Michael says he never knew anyone connected with the S.L.A. “In one sense, it’s ten or twenty isolated people, but in another sense it’s ten or twenty million people, because that’s us there! We contributed the energy the S.L.A. is running on. It’s clear where those ideas come from: women’s liberation, lesbianism, the black struggle, the Vietnam veterans, prison reform, the Black Panther food program.”

I ask how the S.L.A. makes him feel. “Crazy and confused,” he says. “The S.L.A. says to me: where are you with your passions of the Sixties? Remember bygone days when you marched for the downtrodden, the poor, the blacks? Well, look around, buddy, the war isn’t over.
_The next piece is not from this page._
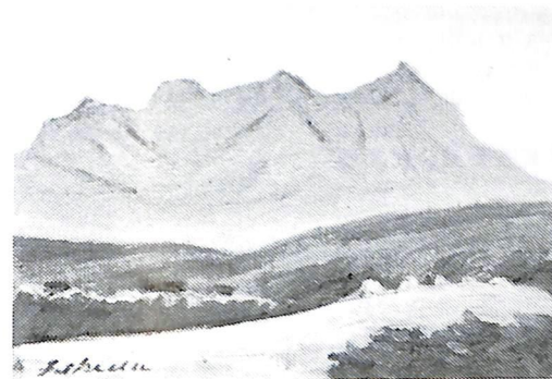
ニ セ コ (昭和57年作) 故池田甚三郎画伯
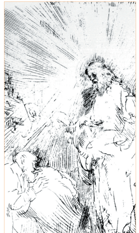
Rembrandt: Den opstandne frelser møder disciplene

Og kvinderne skyndte sig bort fra graven med frygt og stor glæde og løb hen for at fortælle hans disciple at Jesus var opstået fra de døde. Og se, Jesus kom dem i møde og hilste dem med et "God morgen!" Og de gik hen og omfavnede hans fødder og tilbad ham. Da sagde Jesus til dem: »Frygt ikke! Men gå hen og sig til mine brødre, at de skal gå til Galilæa. Der skal de se mig.« Mt. 28,9f

All the problems in America are still there and you, buddy, what are you doing?”

He mimics the answer: “Oh, I’m sitting on my cushion meditating, studying acupuncture and teaching kids to stay open. I’ve grown mature. I know how long things take. I’ve learned revolution is complicated, that it’s not a simple matter of good guys and bad guys.”

Michael slams his hand on a chair.

“There’s still a part of me that feels the need to do something right now.”
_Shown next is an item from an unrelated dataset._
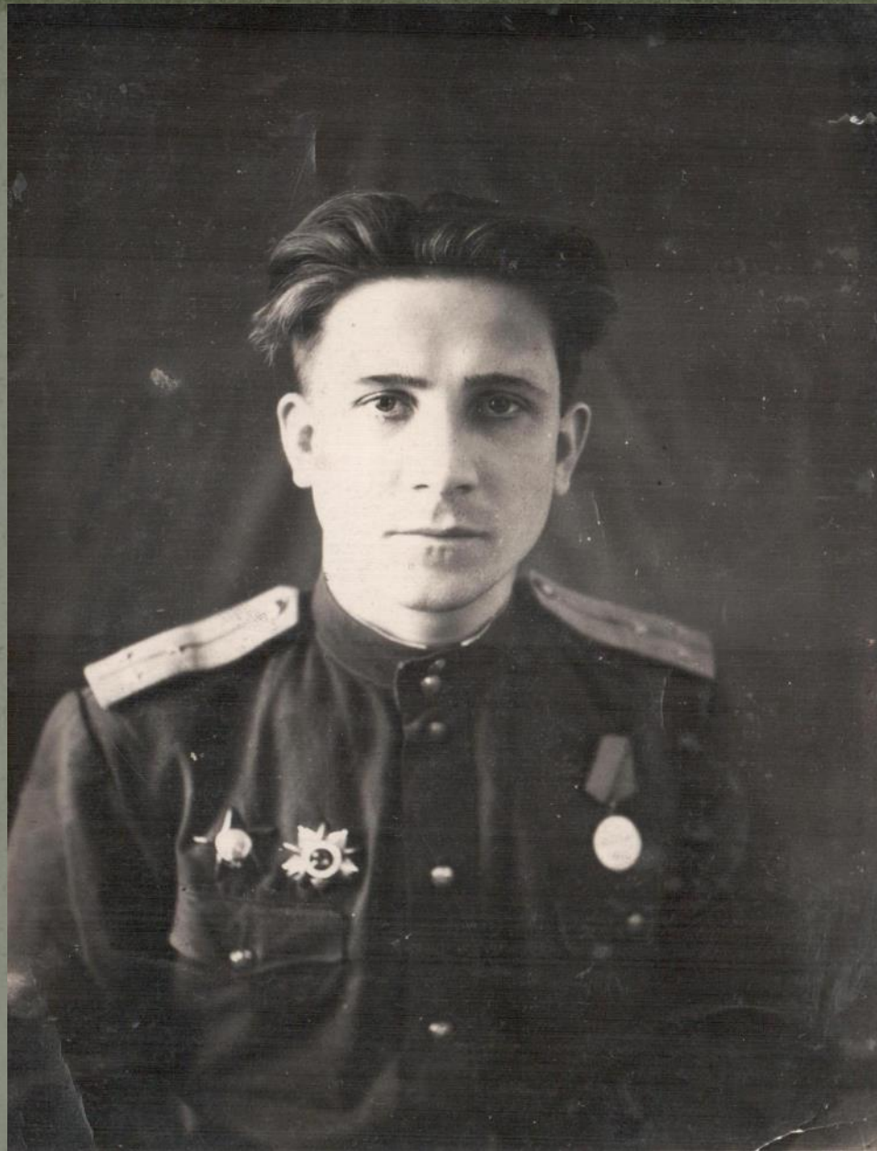
Г. КЕНИНГСБЕРГ. 1946 г.

Russell Little, who is twenty-four, has written his autobiography for the underground San Francisco Phoenix. Every other sentence ends with an exclamation point. (“My father grew up in Alabama!”) In hit-and-run prose, Russell describes his working class, Southern cracker background, his political awakening at the University of Florida and his transformation to a “long-haired, pissed-off radical!”

By accident of birth, Russeil missed out on the Sixties and came of age just when the New Left hit a slump. Russell describes what happened when he drove across country to Berkeley in 1971. “I expected things to blow up all over California but they didn’t . . . The era of riots and demonstrations had passed . . . People started talking about educating the people again. Bullshit to that. What about all the people who had been educated in the Sixties?”
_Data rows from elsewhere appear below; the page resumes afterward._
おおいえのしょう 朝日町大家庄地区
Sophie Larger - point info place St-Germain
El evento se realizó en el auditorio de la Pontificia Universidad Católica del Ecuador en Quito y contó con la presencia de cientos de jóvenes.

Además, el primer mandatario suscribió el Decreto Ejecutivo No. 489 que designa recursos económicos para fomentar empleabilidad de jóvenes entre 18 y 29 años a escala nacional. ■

Russell decided the only revolutionaries “who didn’t die or go underground by the Seventies” were in prison. He joined the Black Cultural Association (B.C.A.) at Vacaville, a group set up to give convicts pride and prepare them to re-enter society. There he met Cinque and a number of young white visitors who reinforced each other’s urges and frustration. Russell says, “We grew tired of waiting … we decided to seize the moment.” They would form a guerrilla army and fire the first shots, because “revolutionary violence is necessary, is practical—it works!”

The American left, in its entire spectrum, disputes Russell Little on this point. Angela Davis, Cesar Chavez, Jane Fonda, Tom Hayden, Huey Newton, the Black Panthers, the Communist Party and the Maoist Venceremos organization have denounced the tactics of the S.L.A.

Dan Siegel, a radical lawyer, tells me he sees the S.L.A. as a “threat and a setback. The S.L.A. gives a picture of the left as wanton, crazy killers, and we’re at a time now—because of the economic crisis, the energy crisis and Watergate—that radical-left ideas could flourish. The S.L.A. was trying to be a guerrilla army without having any mass base. They took actions that people couldn’t support or even understand, and the result was they were murdered.”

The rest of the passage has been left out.